● **EXERCISE GOAL**: Print the records below exactly, omitting all pictures.

====================

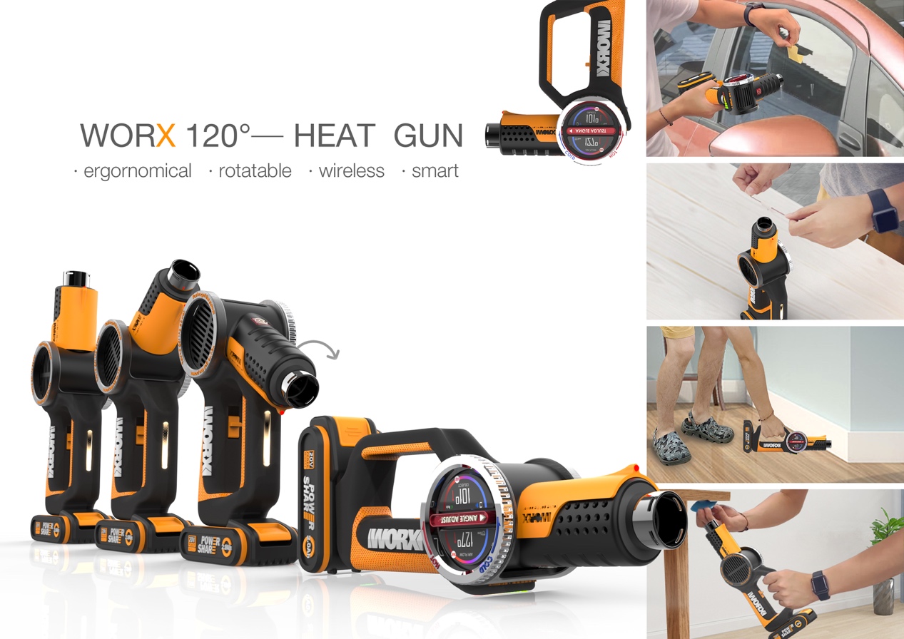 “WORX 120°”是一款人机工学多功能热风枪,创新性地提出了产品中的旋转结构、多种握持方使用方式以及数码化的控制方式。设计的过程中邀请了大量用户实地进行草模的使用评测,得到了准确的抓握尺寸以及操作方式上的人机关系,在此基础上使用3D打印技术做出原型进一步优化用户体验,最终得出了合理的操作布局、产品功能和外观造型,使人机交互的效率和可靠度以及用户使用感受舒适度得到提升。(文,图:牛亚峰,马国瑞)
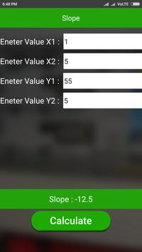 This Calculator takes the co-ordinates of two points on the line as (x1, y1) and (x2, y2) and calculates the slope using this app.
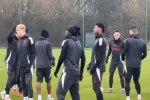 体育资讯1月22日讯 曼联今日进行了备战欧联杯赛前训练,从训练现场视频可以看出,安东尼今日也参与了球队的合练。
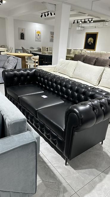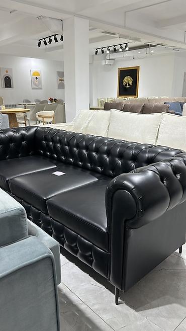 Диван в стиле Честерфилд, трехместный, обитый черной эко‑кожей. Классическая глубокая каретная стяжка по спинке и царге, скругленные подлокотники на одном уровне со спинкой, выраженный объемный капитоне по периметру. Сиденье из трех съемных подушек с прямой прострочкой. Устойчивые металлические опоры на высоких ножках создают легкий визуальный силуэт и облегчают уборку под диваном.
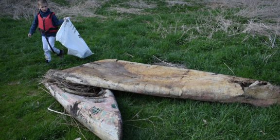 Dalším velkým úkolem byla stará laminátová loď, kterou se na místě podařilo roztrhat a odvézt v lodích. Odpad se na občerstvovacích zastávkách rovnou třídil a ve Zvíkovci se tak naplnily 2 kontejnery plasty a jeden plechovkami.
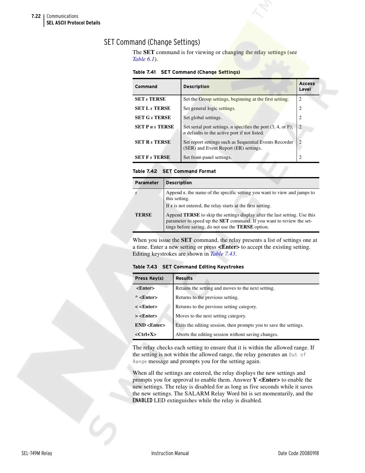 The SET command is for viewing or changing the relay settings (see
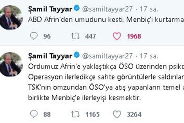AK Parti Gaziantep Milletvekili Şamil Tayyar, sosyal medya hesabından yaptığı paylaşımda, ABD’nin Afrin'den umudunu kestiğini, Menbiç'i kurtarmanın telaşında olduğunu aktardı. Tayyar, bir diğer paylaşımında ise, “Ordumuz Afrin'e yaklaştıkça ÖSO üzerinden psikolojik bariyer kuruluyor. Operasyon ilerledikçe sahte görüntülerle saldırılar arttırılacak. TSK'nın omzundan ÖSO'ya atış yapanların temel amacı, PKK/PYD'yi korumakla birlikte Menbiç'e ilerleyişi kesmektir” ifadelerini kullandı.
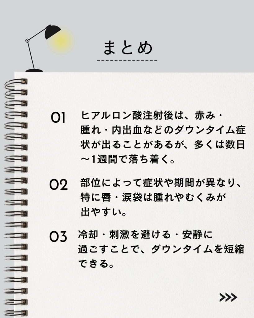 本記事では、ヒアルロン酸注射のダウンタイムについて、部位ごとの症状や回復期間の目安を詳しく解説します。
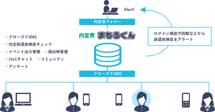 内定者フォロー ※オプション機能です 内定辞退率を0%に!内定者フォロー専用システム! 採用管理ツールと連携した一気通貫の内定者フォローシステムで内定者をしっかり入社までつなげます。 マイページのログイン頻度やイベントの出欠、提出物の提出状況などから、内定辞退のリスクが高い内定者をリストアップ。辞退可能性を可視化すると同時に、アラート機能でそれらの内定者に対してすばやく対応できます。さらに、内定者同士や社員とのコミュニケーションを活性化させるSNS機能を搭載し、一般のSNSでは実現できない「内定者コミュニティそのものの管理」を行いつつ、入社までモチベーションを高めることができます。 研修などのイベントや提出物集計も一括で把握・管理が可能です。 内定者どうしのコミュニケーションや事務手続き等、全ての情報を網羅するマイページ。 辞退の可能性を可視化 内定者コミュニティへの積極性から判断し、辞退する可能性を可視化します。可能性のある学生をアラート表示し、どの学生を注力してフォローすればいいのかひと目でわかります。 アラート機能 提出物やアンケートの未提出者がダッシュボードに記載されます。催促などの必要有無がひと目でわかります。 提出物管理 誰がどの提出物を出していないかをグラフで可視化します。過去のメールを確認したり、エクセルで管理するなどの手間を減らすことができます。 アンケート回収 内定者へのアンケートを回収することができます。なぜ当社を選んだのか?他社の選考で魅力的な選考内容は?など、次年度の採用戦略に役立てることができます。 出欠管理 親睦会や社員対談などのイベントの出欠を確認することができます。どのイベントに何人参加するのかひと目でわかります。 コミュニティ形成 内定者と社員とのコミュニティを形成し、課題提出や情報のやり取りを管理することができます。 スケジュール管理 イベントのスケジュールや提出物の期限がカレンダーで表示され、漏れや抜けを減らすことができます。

====================

● **TASK OUTPUT**:
 “WORX 120°”是一款人机工学多功能热风枪,创新性地提出了产品中的旋转结构、多种握持方使用方式以及数码化的控制方式。设计的过程中邀请了大量用户实地进行草模的使用评测,得到了准确的抓握尺寸以及操作方式上的人机关系,在此基础上使用3D打印技术做出原型进一步优化用户体验,最终得出了合理的操作布局、产品功能和外观造型,使人机交互的效率和可靠度以及用户使用感受舒适度得到提升。(文,图:牛亚峰,马国瑞)
 This Calculator takes the co-ordinates of two points on the line as (x1, y1) and (x2, y2) and calculates the slope using this app.
 体育资讯1月22日讯 曼联今日进行了备战欧联杯赛前训练,从训练现场视频可以看出,安东尼今日也参与了球队的合练。
 Диван в стиле Честерфилд, трехместный, обитый черной эко‑кожей. Классическая глубокая каретная стяжка по спинке и царге, скругленные подлокотники на одном уровне со спинкой, выраженный объемный капитоне по периметру. Сиденье из трех съемных подушек с прямой прострочкой. Устойчивые металлические опоры на высоких ножках создают легкий визуальный силуэт и облегчают уборку под диваном.
 Dalším velkým úkolem byla stará laminátová loď, kterou se na místě podařilo roztrhat a odvézt v lodích. Odpad se na občerstvovacích zastávkách rovnou třídil a ve Zvíkovci se tak naplnily 2 kontejnery plasty a jeden plechovkami.
 The SET command is for viewing or changing the relay settings (see
AK Parti Gaziantep Milletvekili Şamil Tayyar, sosyal medya hesabından yaptığı paylaşımda, ABD’nin Afrin'den umudunu kestiğini, Menbiç'i kurtarmanın telaşında olduğunu aktardı. Tayyar, bir diğer paylaşımında ise, “Ordumuz Afrin'e yaklaştıkça ÖSO üzerinden psikolojik bariyer kuruluyor. Operasyon ilerledikçe sahte görüntülerle saldırılar arttırılacak. TSK'nın omzundan ÖSO'ya atış yapanların temel amacı, PKK/PYD'yi korumakla birlikte Menbiç'e ilerleyişi kesmektir” ifadelerini kullandı.
 本記事では、ヒアルロン酸注射のダウンタイムについて、部位ごとの症状や回復期間の目安を詳しく解説します。
 内定者フォロー ※オプション機能です 内定辞退率を0%に!内定者フォロー専用システム! 採用管理ツールと連携した一気通貫の内定者フォローシステムで内定者をしっかり入社までつなげます。 マイページのログイン頻度やイベントの出欠、提出物の提出状況などから、内定辞退のリスクが高い内定者をリストアップ。辞退可能性を可視化すると同時に、アラート機能でそれらの内定者に対してすばやく対応できます。さらに、内定者同士や社員とのコミュニケーションを活性化させるSNS機能を搭載し、一般のSNSでは実現できない「内定者コミュニティそのものの管理」を行いつつ、入社までモチベーションを高めることができます。 研修などのイベントや提出物集計も一括で把握・管理が可能です。 内定者どうしのコミュニケーションや事務手続き等、全ての情報を網羅するマイページ。 辞退の可能性を可視化 内定者コミュニティへの積極性から判断し、辞退する可能性を可視化します。可能性のある学生をアラート表示し、どの学生を注力してフォローすればいいのかひと目でわかります。 アラート機能 提出物やアンケートの未提出者がダッシュボードに記載されます。催促などの必要有無がひと目でわかります。 提出物管理 誰がどの提出物を出していないかをグラフで可視化します。過去のメールを確認したり、エクセルで管理するなどの手間を減らすことができます。 アンケート回収 内定者へのアンケートを回収することができます。なぜ当社を選んだのか?他社の選考で魅力的な選考内容は?など、次年度の採用戦略に役立てることができます。 出欠管理 親睦会や社員対談などのイベントの出欠を確認することができます。どのイベントに何人参加するのかひと目でわかります。 コミュニティ形成 内定者と社員とのコミュニティを形成し、課題提出や情報のやり取りを管理することができます。 スケジュール管理 イベントのスケジュールや提出物の期限がカレンダーで表示され、漏れや抜けを減らすことができます。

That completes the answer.